Raw data:

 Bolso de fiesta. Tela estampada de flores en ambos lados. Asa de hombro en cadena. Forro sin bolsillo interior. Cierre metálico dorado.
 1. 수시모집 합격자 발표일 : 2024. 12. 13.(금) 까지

---

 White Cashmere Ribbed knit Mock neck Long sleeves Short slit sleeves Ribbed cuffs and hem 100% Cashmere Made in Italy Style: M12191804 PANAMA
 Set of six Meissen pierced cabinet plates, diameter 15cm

What is needed:
Set down, exactly as they stand above, the lines starting with the line with "Bolso de fiesta." and going on through the line with "1. 수시모집 합격자 발표일 : 2024. 12. 13.(금) 까지", and no others.

Answer for this exercise:
 Bolso de fiesta. Tela estampada de flores en ambos lados. Asa de hombro en cadena. Forro sin bolsillo interior. Cierre metálico dorado.
 1. 수시모집 합격자 발표일 : 2024. 12. 13.(금) 까지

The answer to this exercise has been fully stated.